Skip all pictures, then copy the lines from the start of the data through the line with "リズム(RHYTHM) 置き時計 目覚まし時計", keeping both ends.

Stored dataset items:
[Start of section]
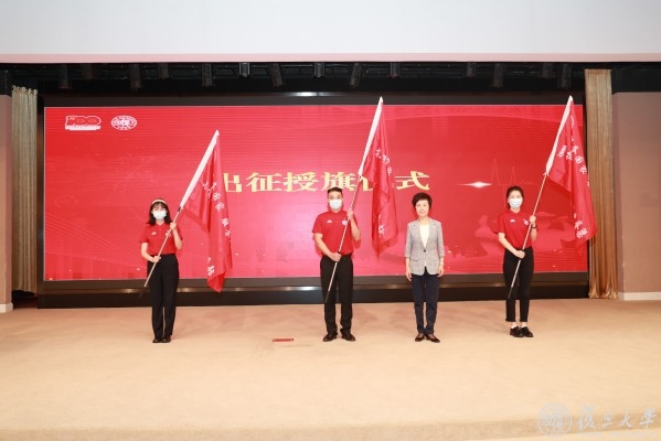 授旗出征环节,尹冬梅、徐军分批为各省(区、市)的选调生、专招生代表授旗。焦扬为即将赴西部、基层、国家重点单位就业的毕业生代表授出征大旗。
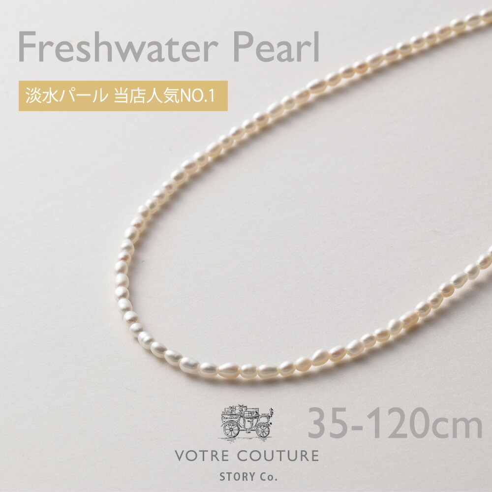 淡水パール ネックレス 本真珠 女性 ギフト 上品 華奢 白 ホワイト 35cm 38cm 41cm 44cm 50cm 60cm 70cm 80cm 90cm 100cm 110cm 120cm【メール便 送料無料 】【VOTRE COUTURE】
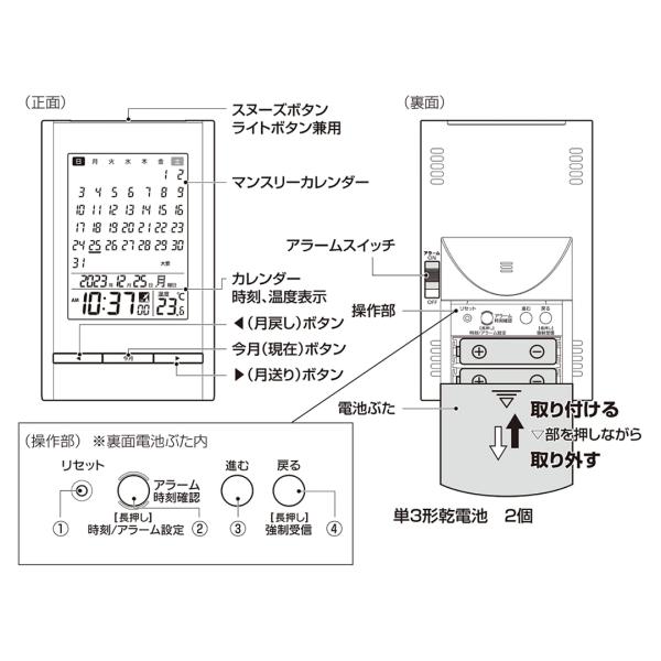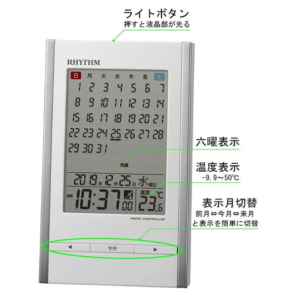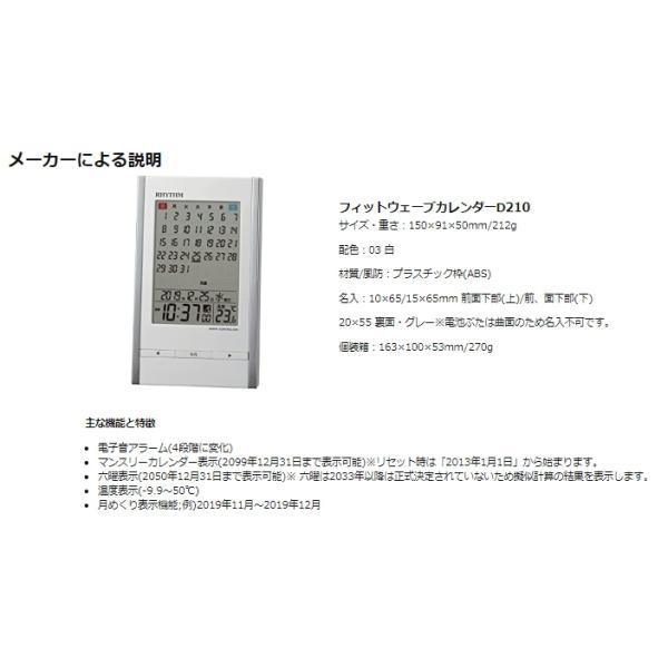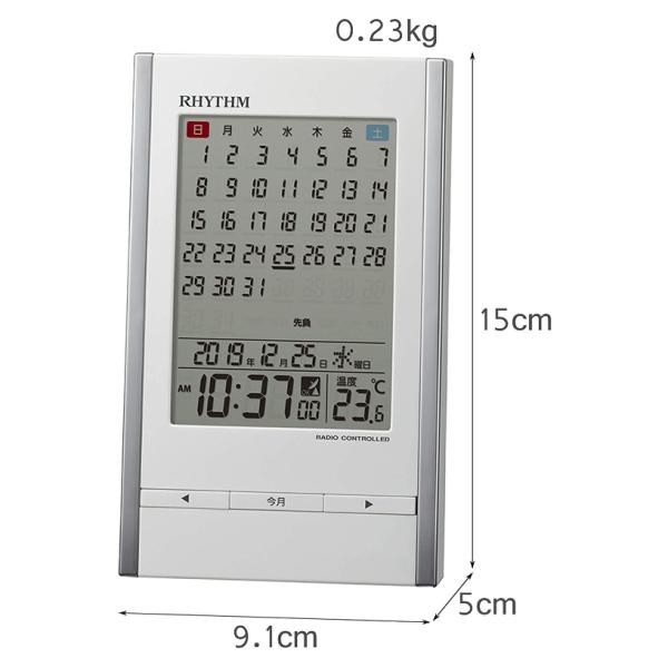 リズム(RHYTHM) 置き時計 目覚まし時計 電波時計 カレンダー 温度計 アラーム 白 15x9.1x5cm 8RZ210SR03
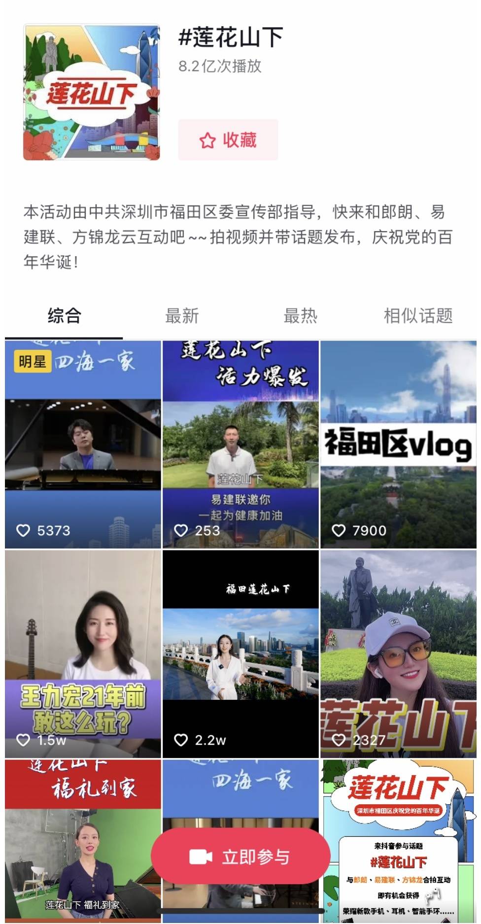 此次活动,福田区委宣传部官方抖音账号已发起话题#莲花山下欢乐过大年,只要抖音用户在发布视频时添加话题#莲花山下欢乐过大年 + @i福田,将所拍“年味”一镜到底一键上传即可。
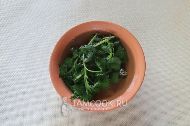 Промытую крапиву залейте кипятком на 5 минут, а затем откиньте на сито и отожмите.
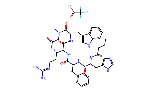 InChI=1S/C39H52N12O6.C2HF3O2/c1-3-10-34(53)47-31(19-26-21-43-23-46-26)37(56)49-30(17-24-11-5-4-6-12-24)36(55)48-29(15-9-16-44-39(41)42)35(54)50-32(38(57)51(2)22-33(40)52)18-25-20-45-28-14-8-7-13-27(25)28;3-2(4,5)1(6)7/h4-8,11-14,20-21,23,29-32,45H,3,9-10,15-19,22H2,1-2H3,(H2,40,52)(H,43,46)(H,47,53)(H,48,55)(H,49,56)(H,50,54)(H4,41,42,44);(H,6,7)/t29-,30-,31-,32-;/m0./s1
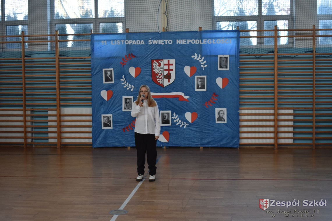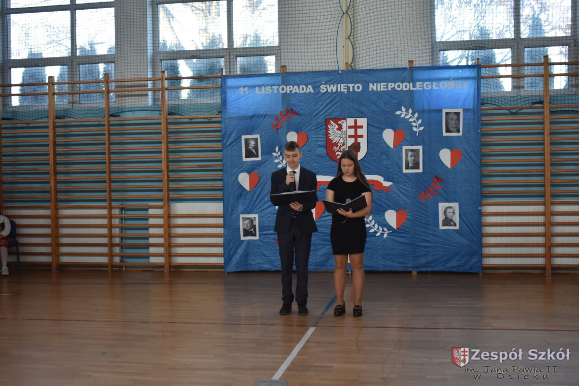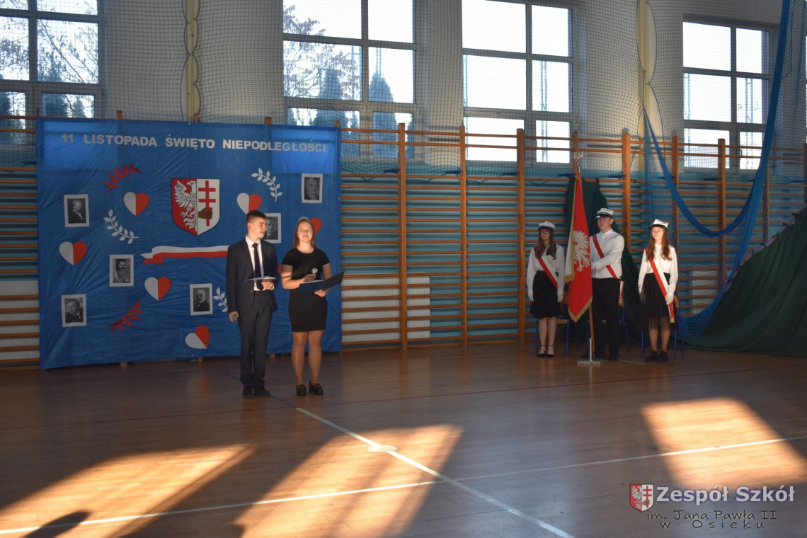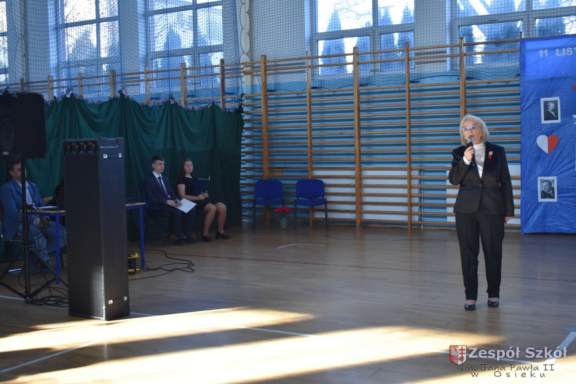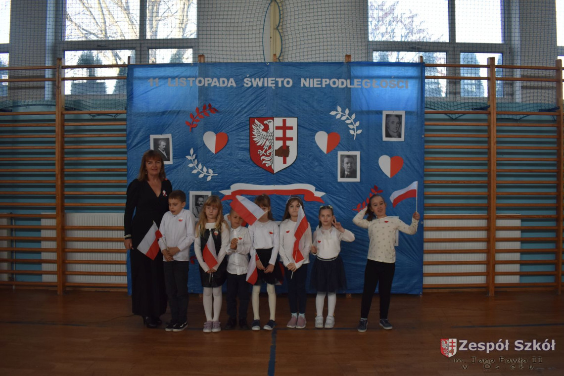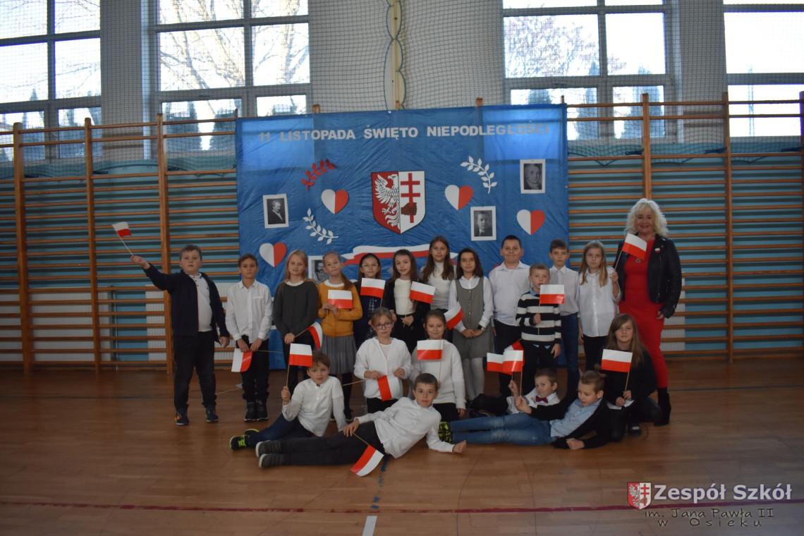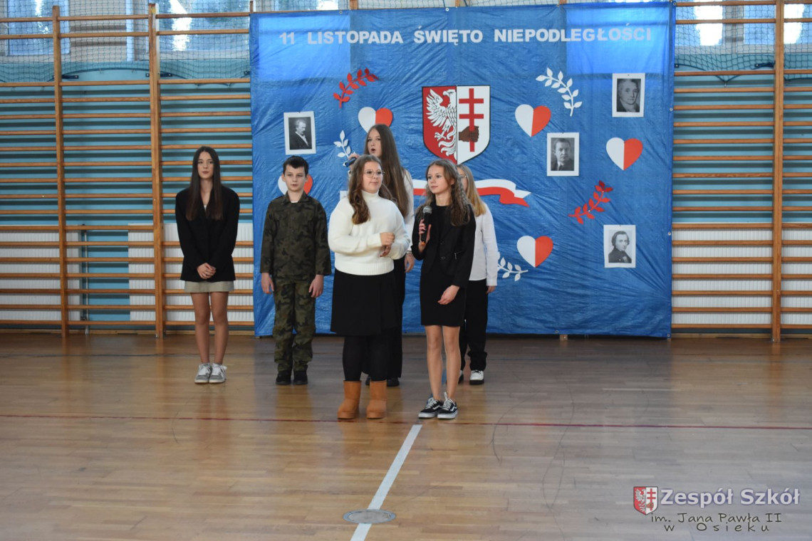 W dniu 06 listopada 2024 r. w murach Zespołu Szkół im. Jana Pawła II w Osieku odbyła się uroczysta akademia poświęcona rocznicy odzyskania niepodległości. W uroczystości udział wzięli: dyrekcja, nauczyciele, uczniowie, pracownicy szkoły oraz rodzice.
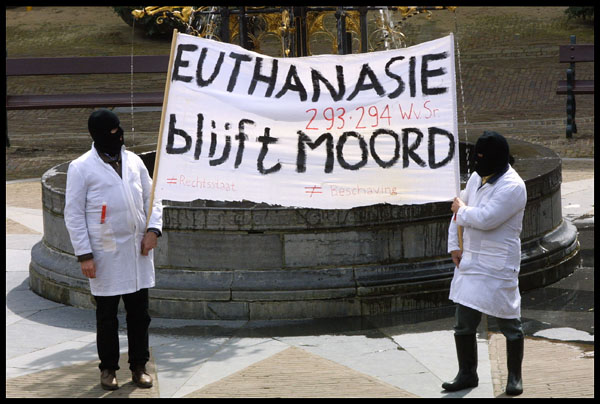 DEN HAAG Op het Binnenhof stonden twee rooms-katholieke actievoerders met dreigende spuiten. De organisatoren van het Platform voor het Leven waren niet blij met deze vorm van protest.
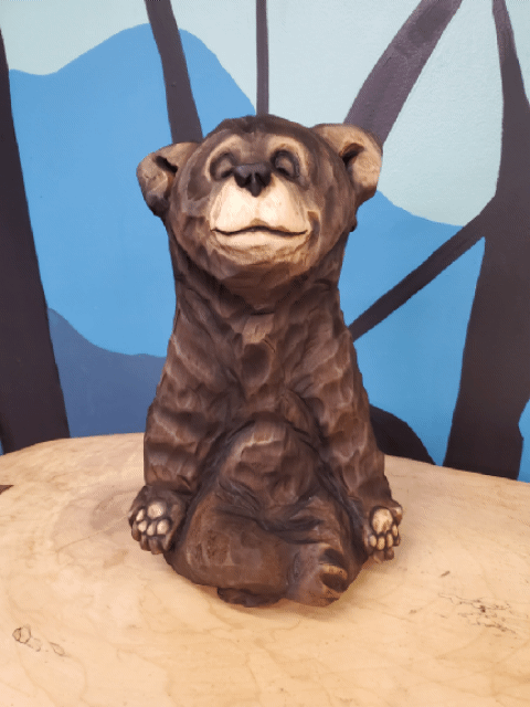 Heres a couple pieces I carved last week, starting with my first, a bear in meditation.
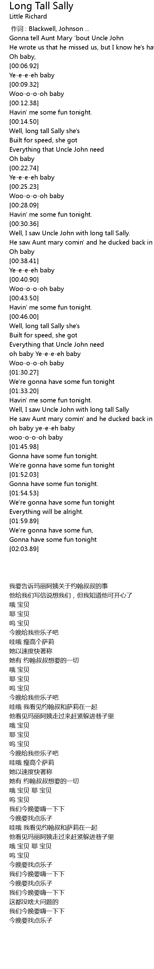 | [01:35.57] | Well, I saw Uncle John with long tall Sally |
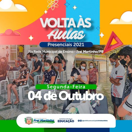 Na próxima segunda-feira, dia 04 de outubro, a Rede Municipal de ensino de Frei Martinho estará reiniciando as aulas presenciais de forma gradativa e escalonada, por meio da modalidade Híbrida. Toda equipe da Secretaria de Educação e escolar está pronta nos aspectos administrativo, pedagógico e de biossegurança, além de devidamente vacinada e testada contra a COVID-19, para receber parte dos alunos com segurança.
[End of section]
* Finished task *
 授旗出征环节,尹冬梅、徐军分批为各省(区、市)的选调生、专招生代表授旗。焦扬为即将赴西部、基层、国家重点单位就业的毕业生代表授出征大旗。
 淡水パール ネックレス 本真珠 女性 ギフト 上品 華奢 白 ホワイト 35cm 38cm 41cm 44cm 50cm 60cm 70cm 80cm 90cm 100cm 110cm 120cm【メール便 送料無料 】【VOTRE COUTURE】
 リズム(RHYTHM) 置き時計 目覚まし時計 電波時計 カレンダー 温度計 アラーム 白 15x9.1x5cm 8RZ210SR03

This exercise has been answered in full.